Leveriza-Franz was sentenced to 78 months (6.5 years) in prison for producing MDMA. Her conviction was upheld upon appeal. Leveriza-Franz served her time in prison and was released a year early. After being released from prison, she continued life with her husband Walt and her daughter and worked for a tax office and later in life as a hiking guide. Leveriza-Franz has said that she does not regret her involvement in MDMA production or her incarceration as she felt that "we touched millions of people" and "this had a huge effect on humanity". However, she has also described struggling with her time in prison and with what she did, including avoiding the media for many years.
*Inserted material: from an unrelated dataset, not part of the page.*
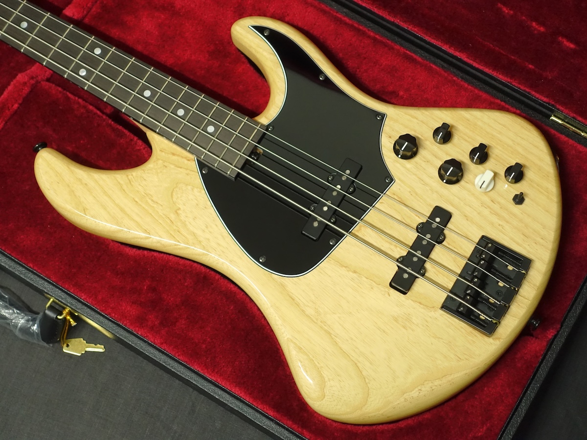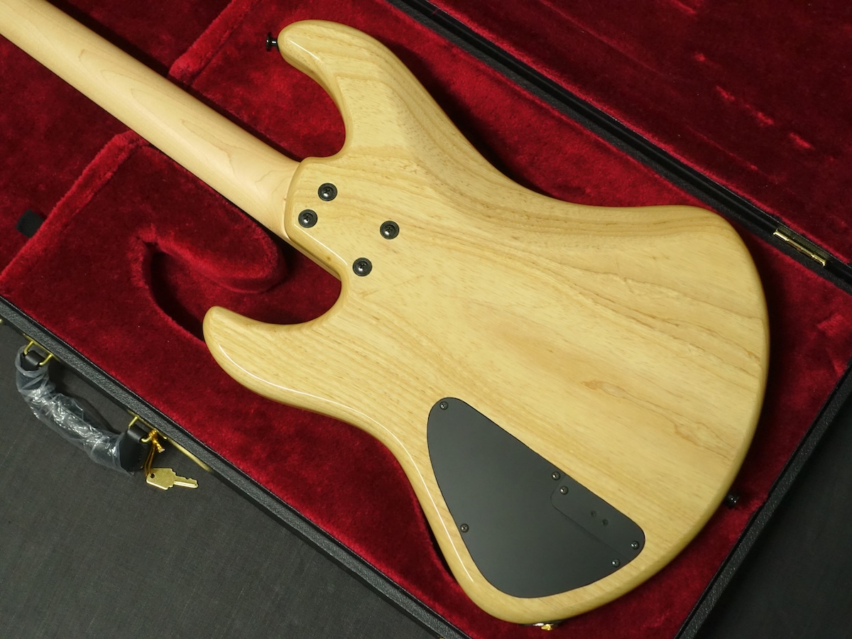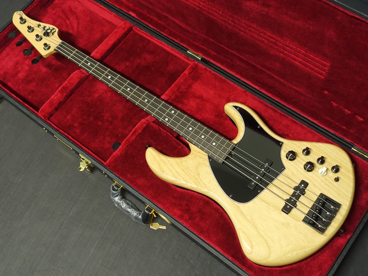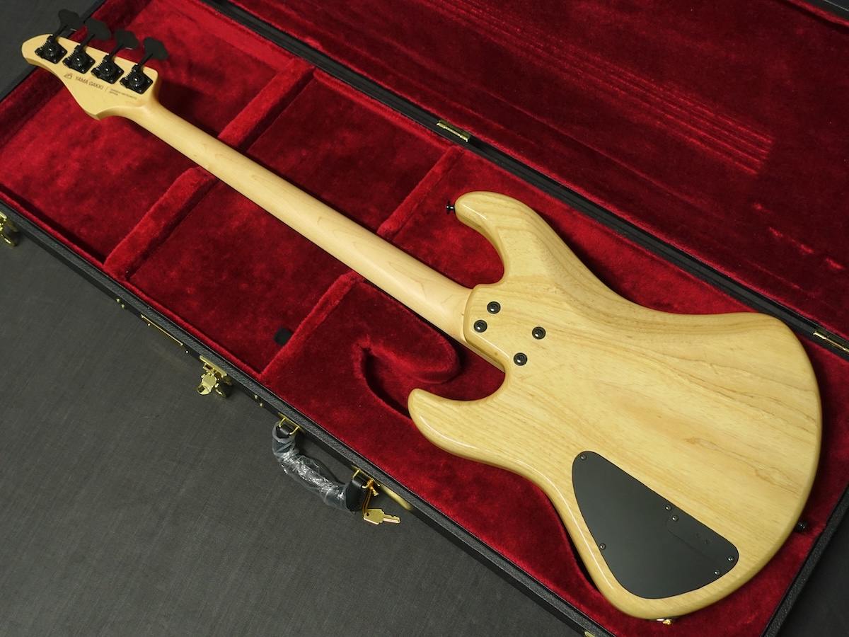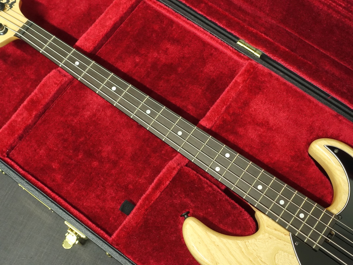 オリジナルシェイプのアッシュボディにメイプルネック、エボニーフィンガーボードをセットしたウッドマテリアル。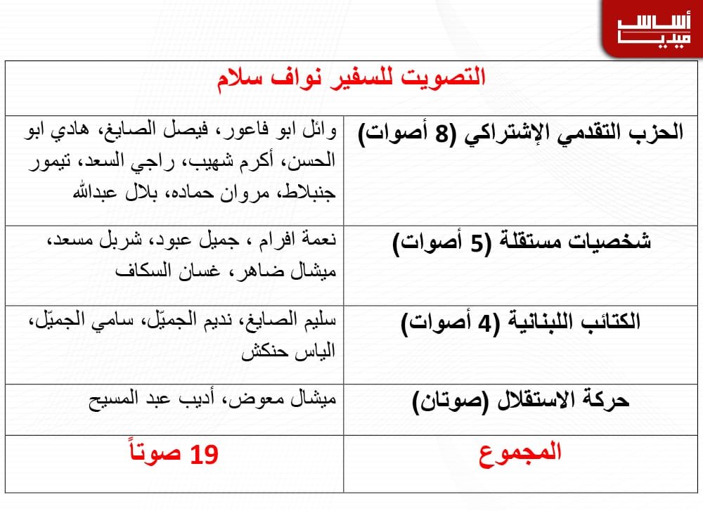في حين أنّ الحزب التقدمي الإشتراكي قد يبقى وحيداً مع حزب الكتائب وبعض النواب المستقلّين وحركة الاستقلال، بما لا يزيد عن 21 صوتاً لسلام.

Leveriza-Franz has jokingly likened herself to a female version of Walter White from Breaking Bad, except saying that she "didn't go so much into mobile homes".

==Personal life==
Leveriza-Franz met Walter "Walt" Franz, who was working for Michael Clegg and was also involved in MDMA manufacture, in 1985. She entered a relationship with Franz after taking MDMA with him, her second time trying the drug, and within a few years they had married. Leveriza-Franz has described being given 2,000 MDMA tablets by Clegg as a gift and taking all of them between her and Franz. She had a daughter with Franz in 1992. Later on, after decades of marriage, Franz died of cancer in 2014. In the 2010s and 2020s, Leveriza-Franz has worked full-time as a hiking guide in Sedona, Arizona. She eventually swore off use of all psychoactive drugs, including alcohol, instead preferring immersion in nature and saying that she no longer needs MDMA. She has also said that she has become the "living MDMA", that the drug is "within me, it's part of me, cellularly", and that she is now able to "impart connectivity and love without any drugs".

==Popular media==
Leveriza-Franz was featured in Rachel Nuwer's 2023 book I Feel Love: MDMA and the Quest for Connection in a Fractured World. She was also featured in the documentary film Prophet of Ecstasy about Michael Clegg in 2026.